Researchers cited a need for further studies to determine the absolute risk for VTE associated with individual risk factors, the most appropriate mechanism to quantify overall VTE risk, and the risk threshold at which thromboprophylaxis should be initiated.
“Effective prevention of VTE is limited by a paucity of high-quality evidence,” Fergal O’Shaughnessy, pharmacist and PhD candidate at Rotunda Hospital in Dublin, and colleagues wrote. “Standardized interventions to reduce the risk for VTE at a population [level] have not been agreed [upon], and the proportion of women recommended postpartum thromboprophylaxis varies considerably among international guidelines.”
O’Shaughnessy and colleagues conducted a cross-sectional study of prospectively collected data from 21,019 women who gave birth between 2015 and 2017 at Rotunda Hospital.
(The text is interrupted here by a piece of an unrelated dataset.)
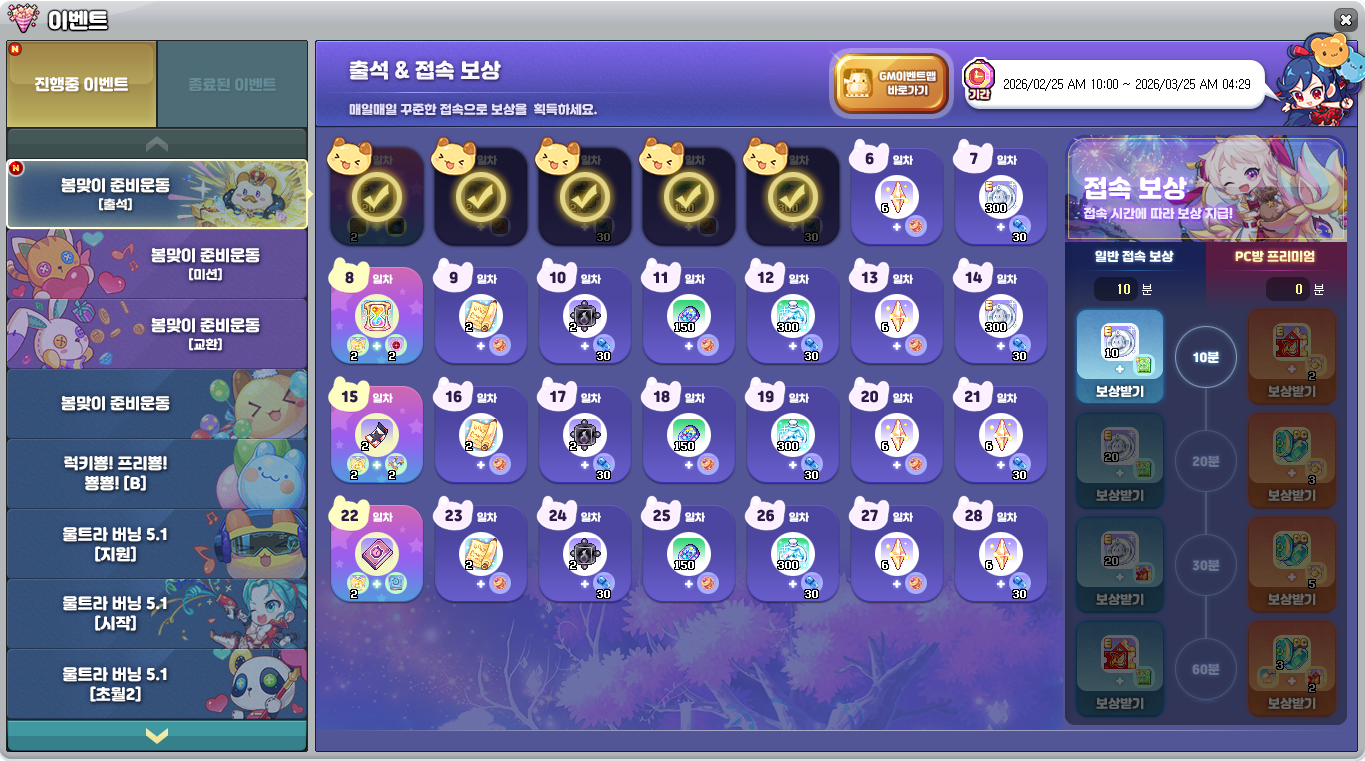- 접속 보상: 일정 시간 이상 접속 시 획득 가능한 보상 (보상 활성화 시 수령 가능)

The number of women sampled consecutively represented 90% of all women gave birth at the hospital over a 3-year period.
Results showed the most common risk factors for postpartum VTE included overweight and obesity (36%), age 35 years or older (35%), and cesarean delivery (32%).
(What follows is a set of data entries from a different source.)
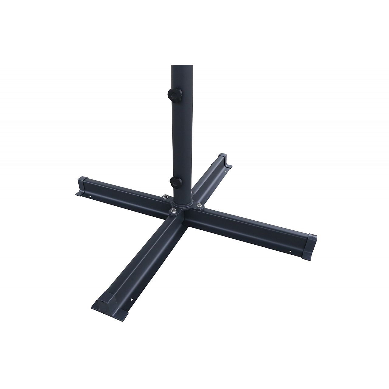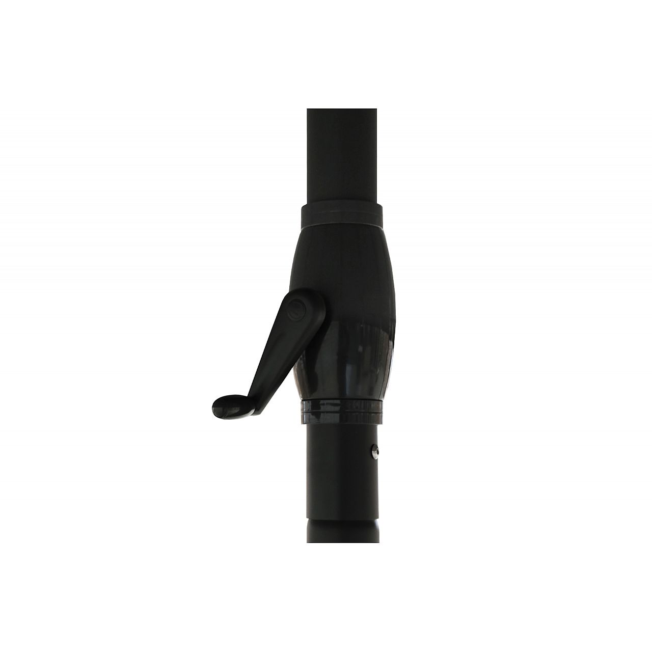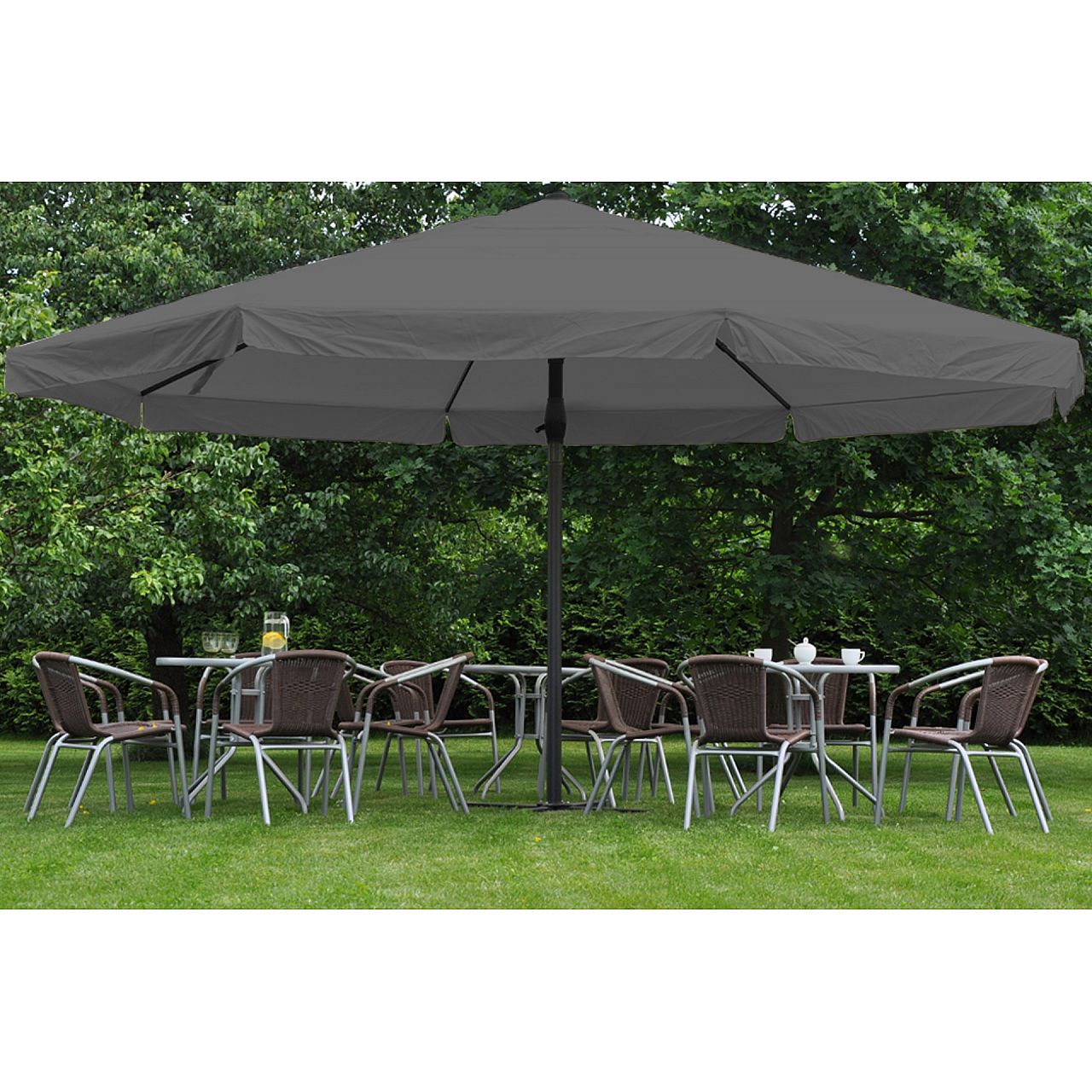 Міцна конструкція парасольки зі сталі з порошковим покриттям. Навіс для парасольки виготовлений з міцного поліестерового матеріалу. Завдяки використанню кривошипної системи складання та розкладання парасольки дуже легке та комфортне. Величезні розміри парасольки забезпечують велику кількість тіні, тому парасолька відмінно підходить для присадибних ділянок і ділянок, а також в садах кафе або ресторанів.
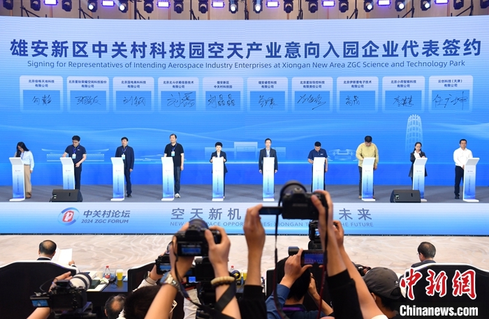 雄安新区中关村科技园空天产业意向入园企业代表签约现场。中新社记者韩冰 摄
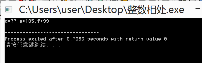 printf("d=%d,e=%d,f=%d\n",d,e,f);

Most of the women sampled (78%) had at least one VTE risk factor, and more than 40% had two or more risk factors.
One-fifth of women had no risk factors before delivery but developed at least one VTE risk factor during the postpartum period.
The proportion of women from Rotunda Hospital who would have received a recommendation for postpartum thromboprophylaxis ranged between 7% and 37% under various international clinical guidelines.
Potential underreporting of VTE risk factors because of the omission of less common factors not included in the risk assessment tool served as the study’s primary limitation.
“[Postpartum] VTE risk is often multidimensional, highly individualized and complex,” O’Shaughnessy and colleagues wrote. “Strategies to prevent obstetric VTE should reflect the changing demographic of women of childbearing potential and changes in the delivery of maternity services.” – by John DeRosier
Disclosures: The authors report no relevant financial disclosures.